Eigentlich ist Susan eine rationale Physikerin. Doch sie hat ein Talent: In ihrer Nähe öffnen sich die Menschen, irrationale Dinge geschehen. Diese Zweideutigkeit habe er beschreiben wollen, sagt der dänische Bestseller-Autor Peter Høeg über seinen Roman "Der Susan-Effekt".

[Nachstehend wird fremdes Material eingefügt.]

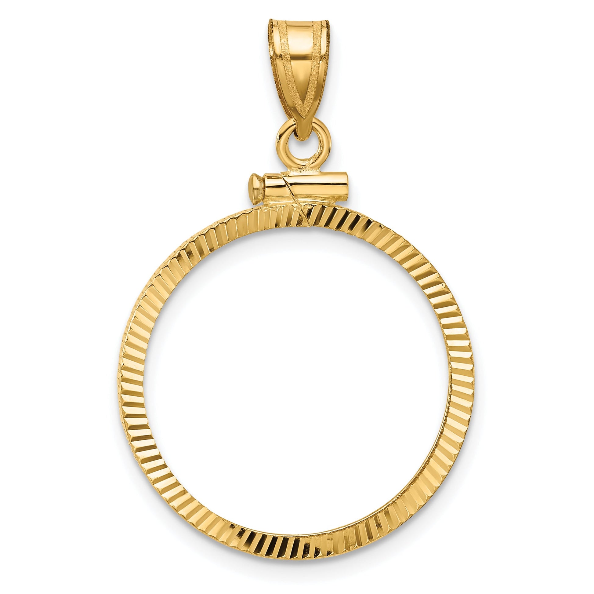 Discover the elegance of the 14K Yellow Gold Wideband Distinguished Coin Jewelry Pendant. This polished and diamond-cut piece showcases a screw top bezel with a striking 21.6mm x 1.7mm dimension. Crafted from high-purity 14K gold, its solid yellow-gold design ensures durability and timeless beauty. With a total length of 33.3mm and a charm width of 22.25mm, this pendant fits seamlessly into any jewelry collection. The unique coin bezel design adds a touch of sophistication, though please note it does not include a coin. Elevate your style with the 14K Yellow Gold Wideband Distinguished Coin Jewelry Pendant.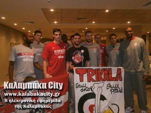 Η ομάδα του Ολυμπιακού έτυχε μεγάλης αποδροχής από τους φιλάθλους οι οποίοι “έμαθαν” την άφιξη της αγαπημένης τους ομάδας στο ξενοδοχείο της Καλαμπάκας.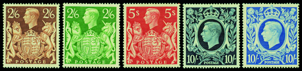 9160 og 249-251A image1939-42, King George VI "Square" high values, 2s6d to 10s (Scott 249-251A), complete set of singles, o.g., lightly hinged or hinge remnant, Very Fine.

Der dänische Schriftsteller Peter Høegwar nicht immer Schriftsteller: Er war früher ein studierter Tänzer und hat auch als Schauspieler gearbeitet. Er ist viel in der Welt herumgekommen, hat eine Zeit lang in der Karibik und Afrika gelebt.

Erst Mitte 30 setzte sich jenes Talent durch, mit dem er zu Weltruhm kam: Mit seinem zweiten Roman "Fräulein Smillas Gespür für Schnee" - ein literarischer Krimi erster Güte, millionenfach verkauft und als Hollywood-Kino verfilmt. Der neue Roman des 1957 geborenen Autors heißt "Der Susan-Effekt". Im Mittelpunkt steht eine Physikerin, die über eine besondere Gabe verfügt.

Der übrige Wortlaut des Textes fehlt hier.